In addition a multiple logistic model will be used to analyze the secondary endpoints (survival of cardiac arrest, survival to discharge), considering all the available variables. The total sample size will limit this analysis; however, an exploratory forward stepwise selection procedure will be used with a p-value of at least 0.10 for entry and 0.05 for removal. All pairwise interactions between AECD use and the other variables in the final stepwise model will be tested. A Hosmer-Lemeshow test will be used to test goodness of fit. Odds ratios will be presented with 95% confidence intervals. Pearson residuals, deviance residuals, and influence statistics will be examined to assess model fit. Statistical analyses will be performed using SAS version 9.1.3.
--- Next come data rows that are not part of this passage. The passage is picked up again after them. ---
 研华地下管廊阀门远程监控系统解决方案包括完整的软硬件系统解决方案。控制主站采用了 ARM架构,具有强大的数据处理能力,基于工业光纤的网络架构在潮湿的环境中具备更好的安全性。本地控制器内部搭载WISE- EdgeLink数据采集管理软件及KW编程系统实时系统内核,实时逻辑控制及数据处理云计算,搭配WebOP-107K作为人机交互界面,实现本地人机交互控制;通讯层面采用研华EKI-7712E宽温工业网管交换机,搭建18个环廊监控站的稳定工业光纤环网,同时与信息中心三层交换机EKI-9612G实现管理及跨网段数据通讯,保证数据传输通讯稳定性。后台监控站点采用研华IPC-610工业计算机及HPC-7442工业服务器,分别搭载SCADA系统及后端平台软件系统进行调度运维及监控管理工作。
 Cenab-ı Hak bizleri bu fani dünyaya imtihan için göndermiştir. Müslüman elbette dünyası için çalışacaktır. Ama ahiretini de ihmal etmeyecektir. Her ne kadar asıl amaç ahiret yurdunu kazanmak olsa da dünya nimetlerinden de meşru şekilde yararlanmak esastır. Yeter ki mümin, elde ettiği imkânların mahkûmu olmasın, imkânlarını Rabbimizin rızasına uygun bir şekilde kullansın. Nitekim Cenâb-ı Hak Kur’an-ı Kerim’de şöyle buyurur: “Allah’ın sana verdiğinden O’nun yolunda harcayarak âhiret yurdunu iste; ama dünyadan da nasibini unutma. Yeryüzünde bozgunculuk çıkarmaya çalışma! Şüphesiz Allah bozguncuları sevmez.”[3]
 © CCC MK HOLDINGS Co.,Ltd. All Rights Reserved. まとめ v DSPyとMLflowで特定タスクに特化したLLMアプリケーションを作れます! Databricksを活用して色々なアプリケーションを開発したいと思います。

Cerebral performance state (Table 2) will be measured using the cerebral performance categorization (CPC) scale and analyzed initially using χ2 tests. If cell counts warrant, the 2 × 3 contingency table will be analyzed using exact methods and the mean score statistics (Q) will be used to compare cerebral performance status between the groups.
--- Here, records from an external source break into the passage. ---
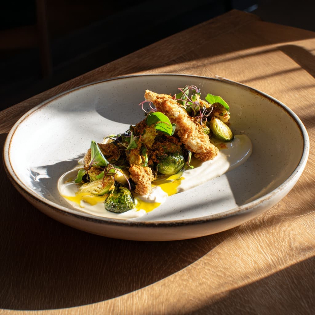 Brussels Sprouts with Lemon-Yogurt and Crispy Chicken Strips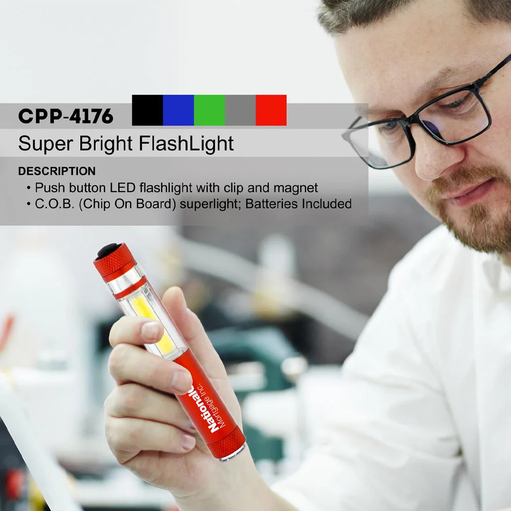 Value LED COB Flashlight With Clip & Magnet - Laser-Engraved Personalization Available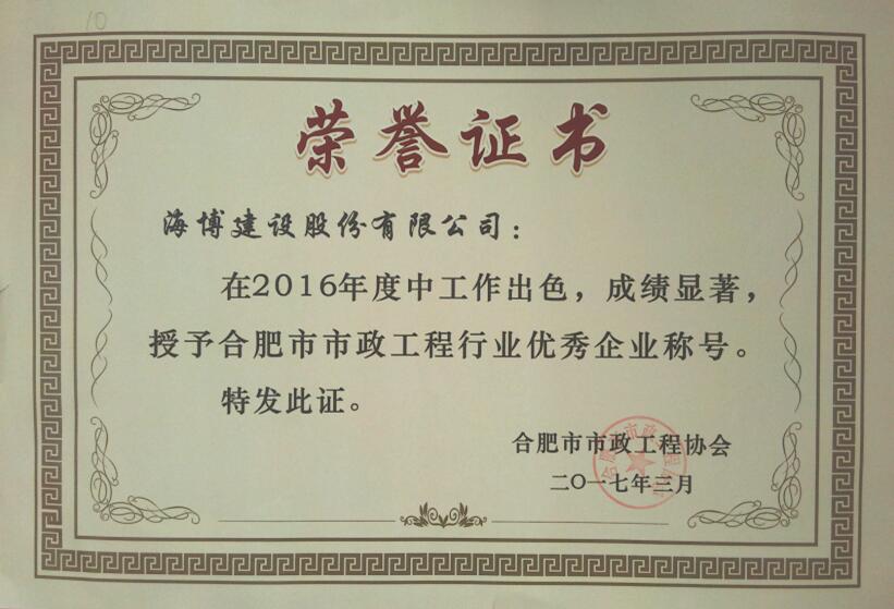 會議對榮獲2016年度合肥市市政工程優(yōu)秀企業(yè)、優(yōu)秀項目經(jīng)理進行了表彰,78家會員單位獲得“市政工程優(yōu)秀企業(yè)”證書,174名項目經(jīng)理獲得“市政工程優(yōu)秀項目經(jīng)理”證書。我公司獲得“市政工程優(yōu)秀企業(yè)”榮譽,望江西路(將軍嶺路-新橋大道)建設工程二標獲得“市政工程安全質(zhì)量標準化示范工地”榮譽,呂偉、孫斌、王鎮(zhèn)華等三人獲得“優(yōu)秀項目經(jīng)理”榮譽。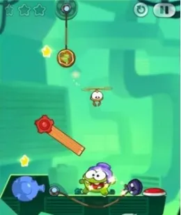 3、割断糖果上方的绳子,让糖果摆动到左边打开机关并吃掉最左边的星星。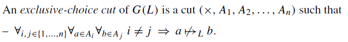 이를 정의로 나타내면 다음과 같다. 즉, 각 partition (A1, A2, ...)에 대해서 connection이 아예 없는 partition들은 서로 Exclusive-Choice cut 관계이다.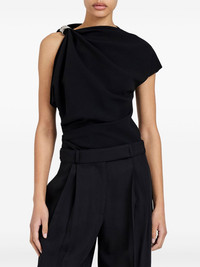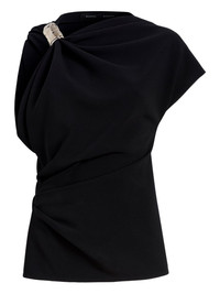 draped embellished top Highlights - Black - Draped neckline - One-shoulder design - Asymmetric sleeves - Shoulder embellishment Imported Composition Triacetate 70%, Polyester 30% Washing instructions Read Manufacturer Guidelines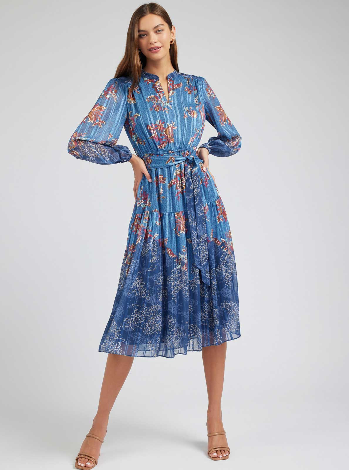 Current Air - Floral Printed Tiered Midi Dress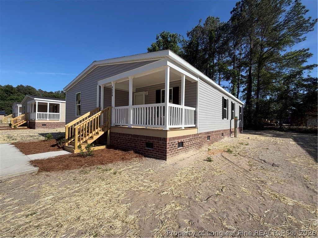 Brand-new manufactured home on a permanent brick foundation. This is not a typical manufactured home and features a large front porch. The interior offers vinyl flooring throughout, three bedrooms, and two full bathrooms. The kitchen is open to the living area and provides ample cabinet storage along with a large walk-in pantry.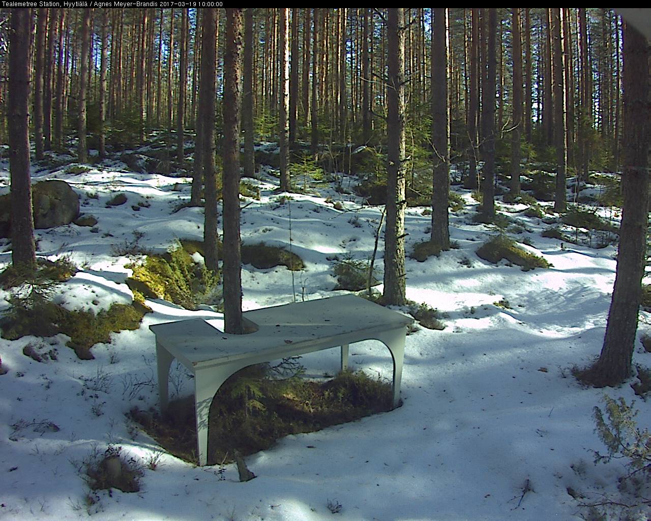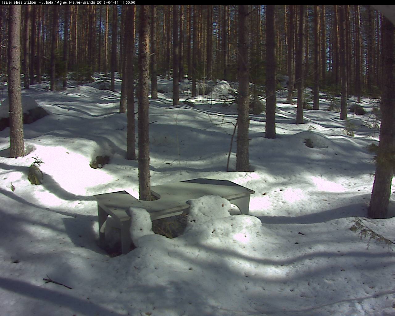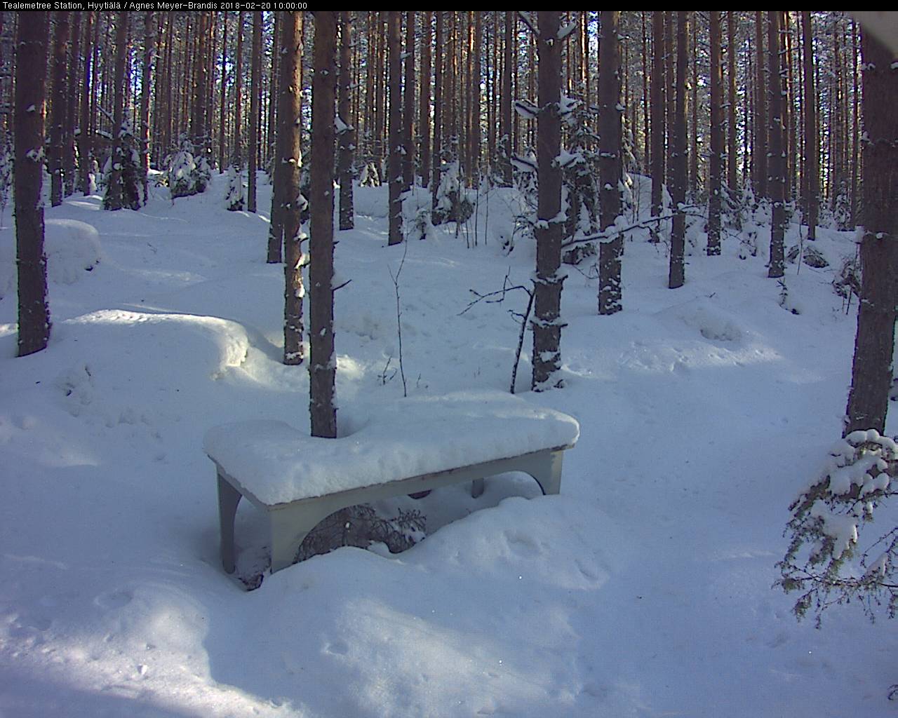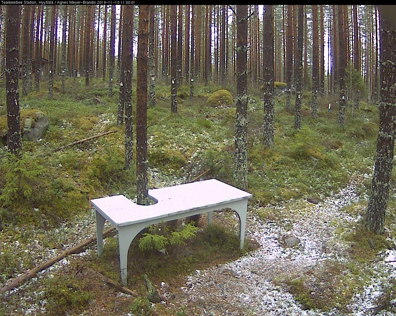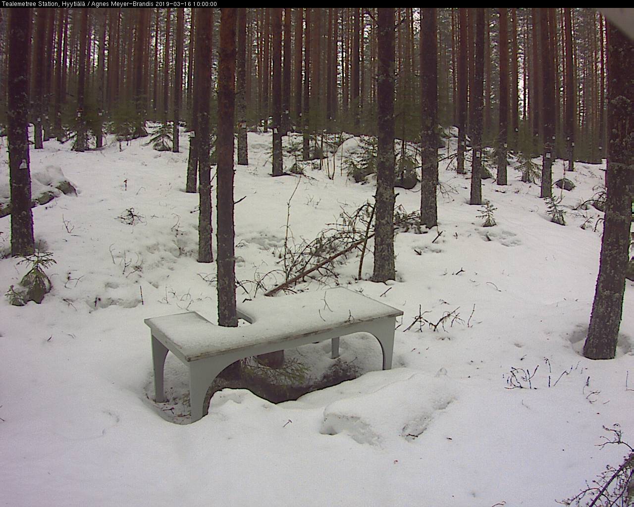 Agnes Meyer-Brandiksen työ Hyytiälässä alkoi tutustumalla aseman muihin tutkijoihin. Pystyäkseen tapaamaan ihmisiä metsässä, hän rakensi pöydän, josta muodostui kohtauspiste ja paikka teehetkille Agneksen ja puun kanssa.

One hundred and ninety two patients were recruited in the time period between 10/10/2006 to 7/20/2007. The demographic and clinical characteristics of the patients are presented in Table 3. Patients in the control and treatment arms had similar characteristics. The majority of patients (> 90%) in both arms were men, reflecting the demographics of the AVAMC. A total of 3,655 hours of telemetry data has been analyzed by the AECDs. The AECDs monitored ambulatory patients with normal sinus rhythm, sinus tachycardia, atrial fibrillation or flutter, supraventricular tachycardia, premature ventricular complexes and non-sustained ventricular tachycardia without inappropriately delivering a shock (Table 4). Of the 95 patients randomized to the AECD arm, total of ten patients had to be taken off the AECD, two due to adverse events, two due to anxiety, two due to skin irritation by the pads, and four due to alarming of the AECD, as the pads detached from the chest wall during their sleep.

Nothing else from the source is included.